As for now, openEO Platform supports the user on this matter in the form that data can be processed until a specific processing step and the result can be downloaded.

In order to minimize the effort for an R user to obtain a small data chunk as sample data for local inspection, the function get_sample() was developed. As openEO normally operates on spatio-temporal data cubes, the get_sample() function aims to reduce the amount of data by sub setting the initial data spatially. Furthermore by using this function you already download the sample data and retrieve it optionally as a stars object. The latter will require the package stars to be installed in your R environment.

Connecting

At first, we need an enabled account at openEO platform, then we establish a connection to the back-end and start the login procedure. In the process you will be asked for your authentication provider and potentially your login credentials (e.g. Authentication with Github, where you will be redirected to the Github page). During the process you will be very likely asked for a device code, which will be printed to console during the authentication procedure. This code needs to be copied and pasted into the respective field in the internet browser. You will then need to authorize the connection of ‘openeo’ for this session, which you will be asked also in the browser window.

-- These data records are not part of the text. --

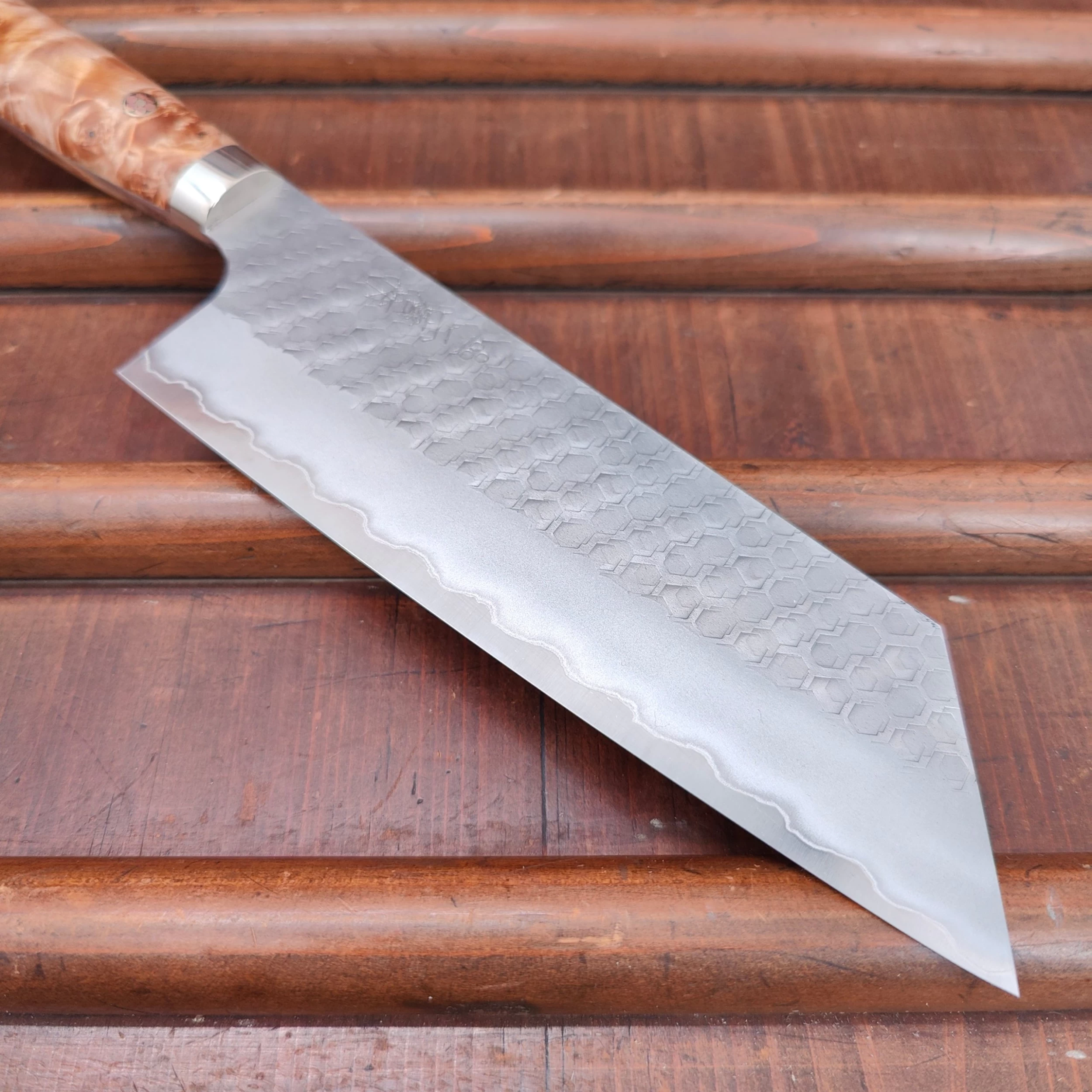 Forged stainless clad SG2 powder metal with migaki finished hammer marked tsuchime cladding and western style stabilized maple burl wood handle. SG2 takes a very fine edge easily for a stainless steel of its hardness (63/64) and holds it nicely.
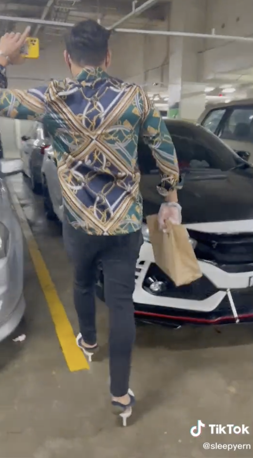 Apa yang lebih mencuri tumpuan adalah teman lelakinya itu dilihat memakai heels teman wanitanya sambil berjalan ke arah kereta dengan gaya seperti sedang melakukan cat walk.
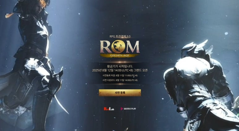 8월 12일(화) 블록체인 게임 플랫폼 ‘위믹스 플레이’에 온보딩되는 웹3 MMORPG '롬: 골든 에이지'가 사전예약 수 400만을 돌파했다고 밝혔다. 8월 11일 사전다운로드를 시작한다고 덧붙였다.
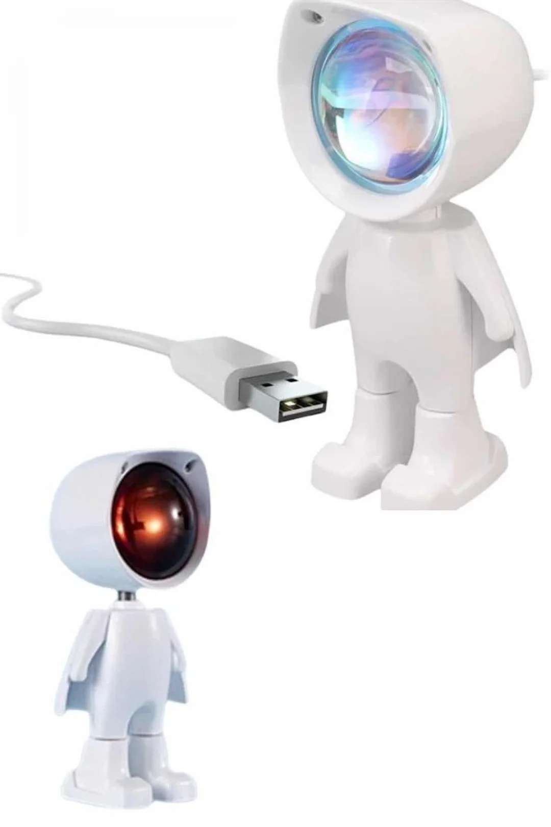 Gün batımı efektli bu şarjlı lamba, sevimli astronot tasarımı ile dikkat çeken hem işlevsel hem de dekoratif bir aydınlatma çözümüdür. LED ışık kaynağı sayesinde loş, yumuşak ve sıcak bir aydınlatma sunar; böylece ortamda huzurlu ve sakin bir atmosfer yaratır. Özellikle yatak odası, oturma odası ya da çalışma alanları gibi kişisel yaşam alanlarında hem gece lambası hem de ortam ışığı olarak rahatlıkla kullanılabilir.360 derece dönebilen başlığı ve 60 derece yukarı-aşağı hareket kabiliyeti sayesinde ışığın açısını kolaylıkla ayarlayabilir, istediğiniz duvar ya da alana doğrudan yansıtabilirsiniz. Bu sayede yalnızca ortama ışık vermekle kalmaz, aynı zamanda dekoratif bir efekt yaratır. Kompakt ve taşınabilir yapısıyla ev dışında da rahatlıkla kullanılabilir; ister seyahatlerde ister dış mekân etkinliklerinde şarjlı yapısıyla kablosuz olarak yanınızda taşıyabilirsiniz.USB kablosu ile kolayca şarj edilen bu ürün, tam dolumda yaklaşık 3-4 saat kesintisiz kullanım sunar. Güç kaynağına bağlıyken ise sınırsız kullanım avantajı sağlar. Dokunmatik kontrol paneli ile ışığı açıp kapamak ve parlaklık seviyesini ayarlamak son derece pratiktir. Bu özellik, hem kullanım kolaylığı hem de modern bir deneyim sunar.Gün batımı projektör lambası, yalnızca fonksiyonel bir gece lambası değil, aynı zamanda romantik ve sıcak bir ambiyans yaratmak isteyenler için eşsiz bir aksesuardır. Film izlerken, kitap okurken ya da sadece dinlenmek istediğinizde ortamı yumuşak ışığıyla dönüştürür. Ayrıca fotoğraf ve video çekimlerinde estetik bir arka plan ışığı olarak da kullanılabilir. Şıklığı ve işlevselliği bir arada sunan bu ürün, hem kendiniz için hem de sevdiklerinize hediye olarak ideal bir tercihtir.
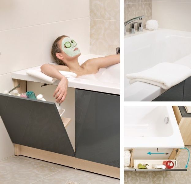 - Для каждой модели выпускается специально разработанная фронтальная панель с тремя скрытыми модульными шкафчиками. Новая система хранения – это инновационный подход к планированию пространства в ванной комнате. Именно такой подход к использованию пространства даст Вам возможность хранить максимум предметов в минимальном пространстве.

con = connect("https://openeo.cloud")
login()

Use Case

As an example use case we will calculate the NDVI for a certain temporal interval. To make comparison easier at the end, the original bounding box is stored as a separate variable bounding_box. Potentially the steps afterwards could be a spatial aggregation operation on polygons and calculating zonal statistics, but this will not be covered in this example.

p = processes()
coll = list_collections()
f = list_file_formats()

bounding_box = list(west=6.75,south=51.85,east=7.25,north=52.15)

data = p$load_collection(id = coll$SENTINEL2_L2A,
                         bands=c("B04","B08"),
                         spatial_extent = bounding_box,
                         temporal_extent = list("2021-03-01","2021-07-15"))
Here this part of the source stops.